Aleph.im enables users to own digital assets using both blockchains and off-chain decentralized cloud technologies.
"We need to go beyond layer 0 and 1 to build a robust decentralized web. The Aleph.im ecosystem is proving that Web3 can be decentralized, and we intend to keep going.”
Aleph.im raised $10 million in mid-January 2022, and Ubisoft uses its network for NFT storage. This is the first time a big-budget gaming studio has given users this much control.
It also suggests Web3 could work as a B2B model, even if consumers aren't concerned about “decentralization.” Starting with gaming is common.
Can Tokenomics help Web3 adoption?
Web3 consumer adoption is another story. The average user may not be interested in all this decentralization talk. Still, how much do people value privacy over convenience? Can tokenomics solve the privacy vs. convenience dilemma?
Holon Global Investments' Jonathan Hooker tells us that human internet behavior will change. “Do you own Bitcoin?” he asks in his Web3 explanation. How does it feel to own and control your own sovereign wealth? Then:
“What if you could own and control your data like Bitcoin?”
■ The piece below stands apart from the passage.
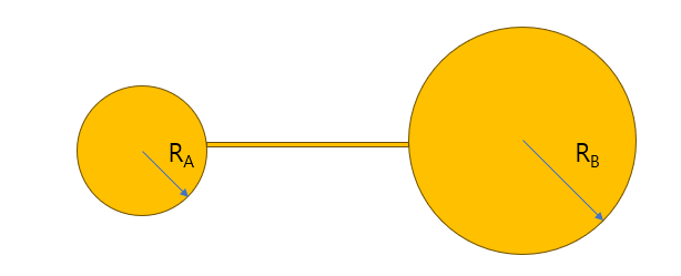 두개의 A, B Sphere conductor가 충분히 길고 얇은 wire conductor로 다음과 같이 연결되어 있다고 해보자.

“The business model must find what that person values,” he says. Putting their own health records on centralized systems they don't control?
“How vital are those medical records to that person at a critical time anywhere in the world? Filecoin and IPFS can help.”
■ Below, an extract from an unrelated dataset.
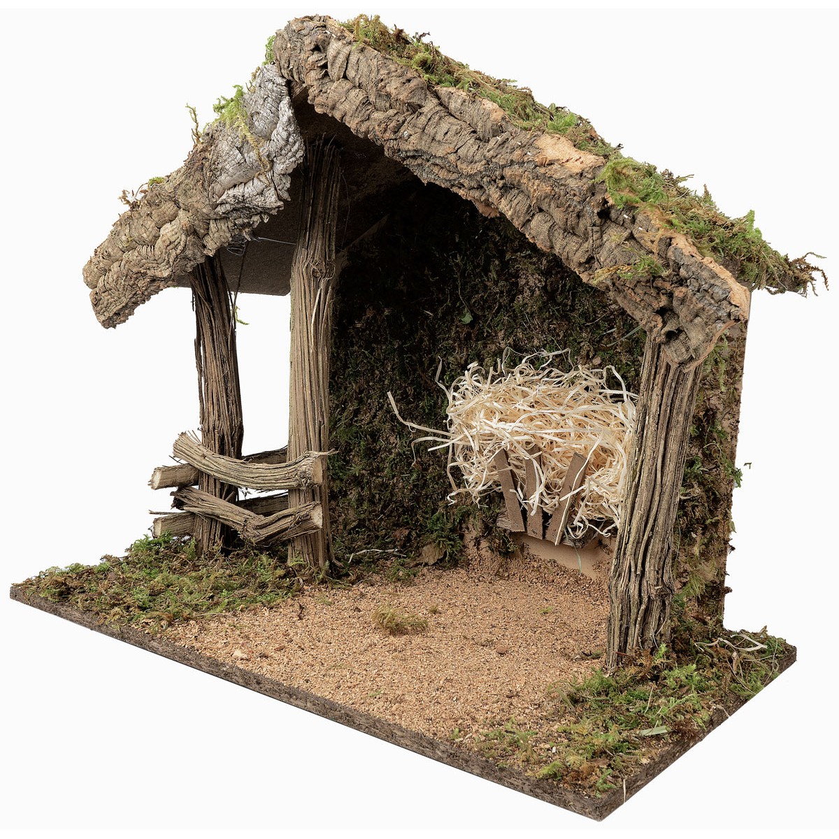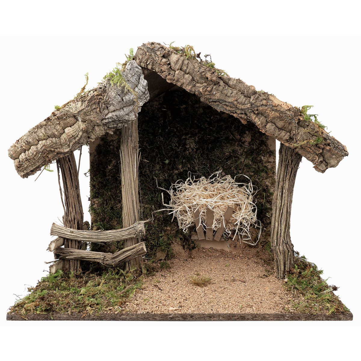 La estructura presenta un techo inclinado revestido en corteza de corcho, paredes rústicas y piso de arena, con pesebre central lleno de paja.

Web3 adoption depends on NFT storage competition. A free off-chain storage of NFT metadata and assets was launched by Filecoin in April 2021.
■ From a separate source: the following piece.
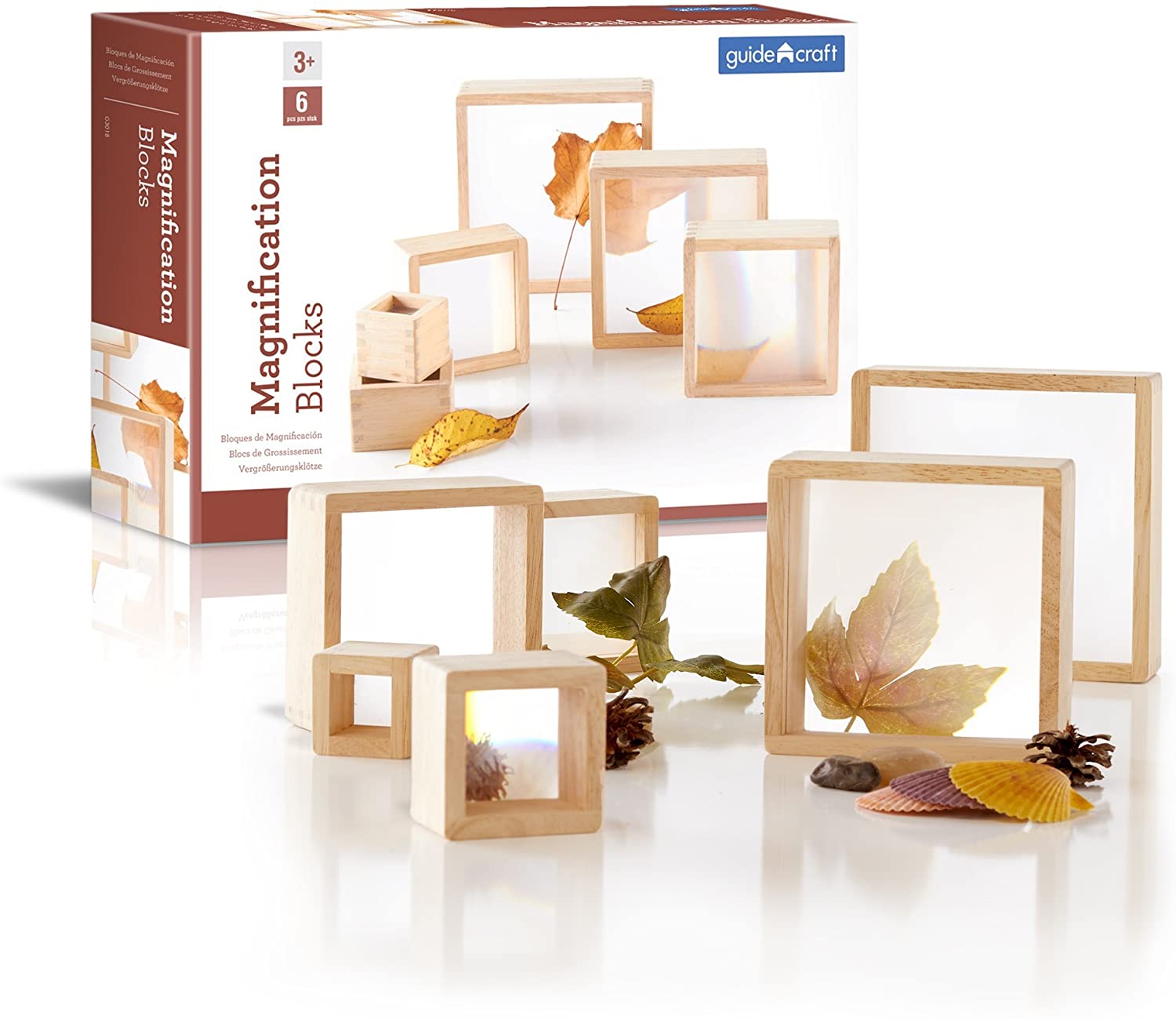 Seis quadrados empilháveis apresentam molduras de madeira e cantos e bordas arredondadas e suaves, com janelas de acrílico ampliadas. Ideal para explorar materiais naturais, táteis e outros materiais detalhados encontrados dentro ou na natureza.

Denationalization and blockchain technology have significant implications for data ownership and compensation for lending, staking, and using data.
Tokenomics can change human behavior, but many people simply sign into Web2 apps using a Facebook API without hesitation. Our data is already owned by Google, Baidu, Tencent, and Facebook (and its parent company Meta). Is it too late to recover?
Maybe. “Data is like fruit, it starts out fresh but ages,” he says. "Big Tech's data on us will expire."
Web3 founder Kris agrees with Hooker that “value for data is the issue, not privacy.” People accept losing their data privacy, so tokenize it. People readily give up data, so why not pay for it?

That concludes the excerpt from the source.